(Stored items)
↓↓↓
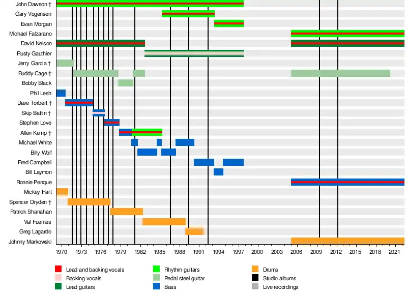 | Past members | John Dawson Jerry Garcia Mickey Hart Bob Matthews Robert Hunter Phil Lesh Dave Torbert Spencer Dryden Buddy Cage Skip Battin Stephen A. Love Patrick Shanahan Allen Kemp Bobby Black Pete Grant Michael White Billy Wolf Val Fuentes Rusty Gauthier Greg Lagardo Gary Vogensen Fred Campbell Evan Morgan Bill Laymon |
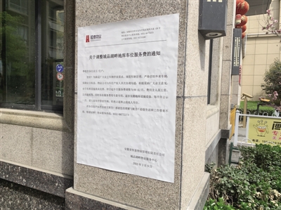 3月18日,记者来到了合肥恒泰城品湖畔小区。记者在小区南门外看到,物业在此处张贴了一张标记日期为3月9日的关于地下车库收费的相关通知。通知中表示,由于车库设施尚未完善,即日起车位服务费调整为80元/月,费用含人员工资、公共能耗等,收取的费用将被用于改善地库设备设施。在小区另一处出入口,物业张贴的一张小区停车场停车须知表示,地库采用一车一位收费,未租用的车辆禁止入内,违者后果自负。
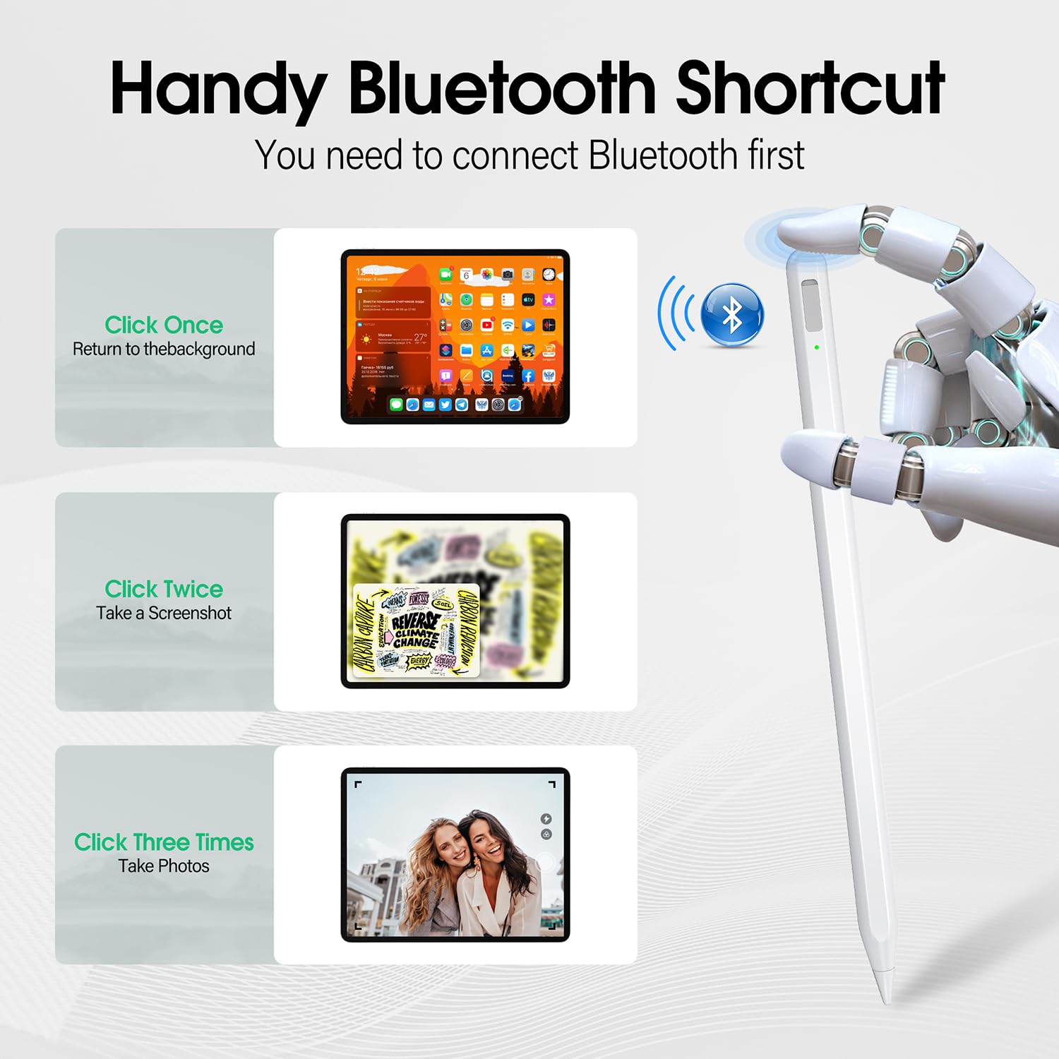 【Convenient & Quick】Easy to pair the pen with the device via Bluetooth. After pairing, click the top button to return to the background, double-click to take a screenshot, and triple-click to take a photo remotely to record beautiful moments. Makes using the stylus easier and faster. The ios system power display is convenient for you to check the power of the iPad Pencil at any time.
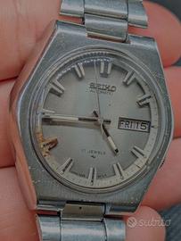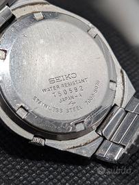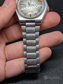 Splendido orologio vintage Seiko Automatic con movimento Seiko 7009A, risalente agli anni ’80, originale e dal fascino autentico. 🔹 Caratteristiche principali: Movimento automatico Seiko a 17 rubini, affidabile (e senza bisogno di batteria) Elegante cassa in acciaio con bracciale originale coordinato Quadrante argento con finitura che riflette la luce, creando un effetto dinamico e raffinato Datario giorno/data a ore 3 Cambio rapido del giorno tramite pressione della corona (funzione tipica Seiko) Fondello in acciaio 💎 Un orologio dal design classico e senza tempo, perfetto per chi apprezza il vintage giapponese di qualità e vuole un segnatempo versatile da indossare ogni giorno. 👉 Ottima scelta sia per collezionisti sia per chi cerca un automatico affidabile con grande personalità. 📌 Condizioni coerenti con l’età: presenti normali segni di utilizzo, visibili in foto. 📩 Per qualsiasi informazione o ulteriori foto, non esitare a contattarmi!
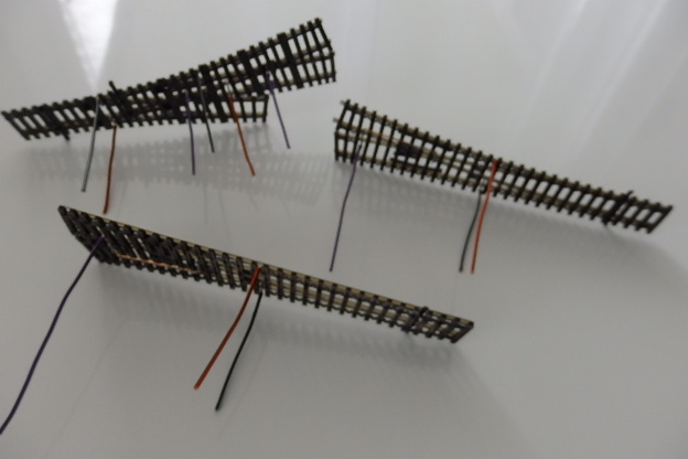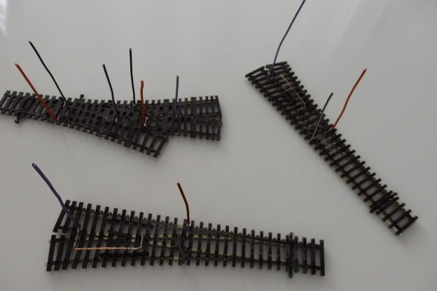 Tak postupne si chystám aj výhybky, na ktoré zo spodnej strany pájkujem kúsky vodičov, priem. 0,5mm2
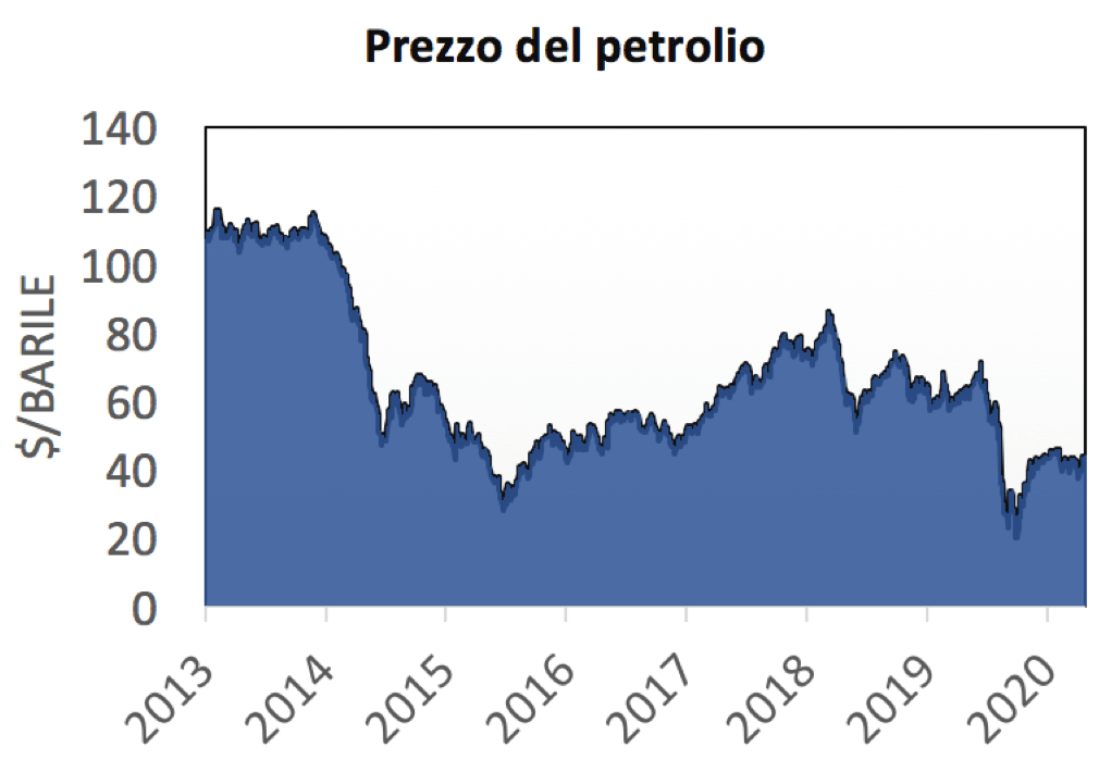 Il prezzo del petrolio è calato dopo il 2014. Fonte: Sole 24ore.
↑↑↑
## Aim of the exercise
With the pictures removed, please retype each record exactly.

## Task response
 | Past members | John Dawson Jerry Garcia Mickey Hart Bob Matthews Robert Hunter Phil Lesh Dave Torbert Spencer Dryden Buddy Cage Skip Battin Stephen A. Love Patrick Shanahan Allen Kemp Bobby Black Pete Grant Michael White Billy Wolf Val Fuentes Rusty Gauthier Greg Lagardo Gary Vogensen Fred Campbell Evan Morgan Bill Laymon |
 3月18日,记者来到了合肥恒泰城品湖畔小区。记者在小区南门外看到,物业在此处张贴了一张标记日期为3月9日的关于地下车库收费的相关通知。通知中表示,由于车库设施尚未完善,即日起车位服务费调整为80元/月,费用含人员工资、公共能耗等,收取的费用将被用于改善地库设备设施。在小区另一处出入口,物业张贴的一张小区停车场停车须知表示,地库采用一车一位收费,未租用的车辆禁止入内,违者后果自负。
 【Convenient & Quick】Easy to pair the pen with the device via Bluetooth. After pairing, click the top button to return to the background, double-click to take a screenshot, and triple-click to take a photo remotely to record beautiful moments. Makes using the stylus easier and faster. The ios system power display is convenient for you to check the power of the iPad Pencil at any time.
 Splendido orologio vintage Seiko Automatic con movimento Seiko 7009A, risalente agli anni ’80, originale e dal fascino autentico. 🔹 Caratteristiche principali: Movimento automatico Seiko a 17 rubini, affidabile (e senza bisogno di batteria) Elegante cassa in acciaio con bracciale originale coordinato Quadrante argento con finitura che riflette la luce, creando un effetto dinamico e raffinato Datario giorno/data a ore 3 Cambio rapido del giorno tramite pressione della corona (funzione tipica Seiko) Fondello in acciaio 💎 Un orologio dal design classico e senza tempo, perfetto per chi apprezza il vintage giapponese di qualità e vuole un segnatempo versatile da indossare ogni giorno. 👉 Ottima scelta sia per collezionisti sia per chi cerca un automatico affidabile con grande personalità. 📌 Condizioni coerenti con l’età: presenti normali segni di utilizzo, visibili in foto. 📩 Per qualsiasi informazione o ulteriori foto, non esitare a contattarmi!
 Tak postupne si chystám aj výhybky, na ktoré zo spodnej strany pájkujem kúsky vodičov, priem. 0,5mm2
 Il prezzo del petrolio è calato dopo il 2014. Fonte: Sole 24ore.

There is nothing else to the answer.